* The data:
•••••
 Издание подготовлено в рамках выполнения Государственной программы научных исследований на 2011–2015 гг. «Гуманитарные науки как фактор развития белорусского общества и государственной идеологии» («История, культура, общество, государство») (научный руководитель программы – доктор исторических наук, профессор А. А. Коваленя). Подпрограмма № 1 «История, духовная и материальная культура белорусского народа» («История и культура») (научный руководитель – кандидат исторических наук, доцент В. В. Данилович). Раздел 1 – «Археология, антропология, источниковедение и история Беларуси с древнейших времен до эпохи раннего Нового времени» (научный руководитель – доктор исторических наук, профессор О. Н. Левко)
•••••
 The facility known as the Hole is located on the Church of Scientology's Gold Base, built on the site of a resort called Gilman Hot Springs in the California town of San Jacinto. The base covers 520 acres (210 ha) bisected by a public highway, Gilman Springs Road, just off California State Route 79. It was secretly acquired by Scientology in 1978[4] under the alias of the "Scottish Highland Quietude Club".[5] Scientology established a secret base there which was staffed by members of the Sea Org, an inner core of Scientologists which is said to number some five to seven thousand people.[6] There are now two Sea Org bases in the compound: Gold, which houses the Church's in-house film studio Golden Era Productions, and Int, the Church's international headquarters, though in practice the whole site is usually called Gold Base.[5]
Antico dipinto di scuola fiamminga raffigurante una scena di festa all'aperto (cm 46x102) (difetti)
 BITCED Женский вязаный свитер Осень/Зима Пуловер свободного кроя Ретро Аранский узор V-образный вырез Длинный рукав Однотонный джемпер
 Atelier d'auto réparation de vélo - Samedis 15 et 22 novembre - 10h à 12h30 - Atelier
•••••
* How to complete this task:
Where the listing above has a line with "Antico dipinto di", start there, and output every line exactly through the line with "Atelier d'auto réparation", which is also included.

* Written solution:
Antico dipinto di scuola fiamminga raffigurante una scena di festa all'aperto (cm 46x102) (difetti)
 BITCED Женский вязаный свитер Осень/Зима Пуловер свободного кроя Ретро Аранский узор V-образный вырез Длинный рукав Однотонный джемпер
 Atelier d'auto réparation de vélo - Samedis 15 et 22 novembre - 10h à 12h30 - Atelier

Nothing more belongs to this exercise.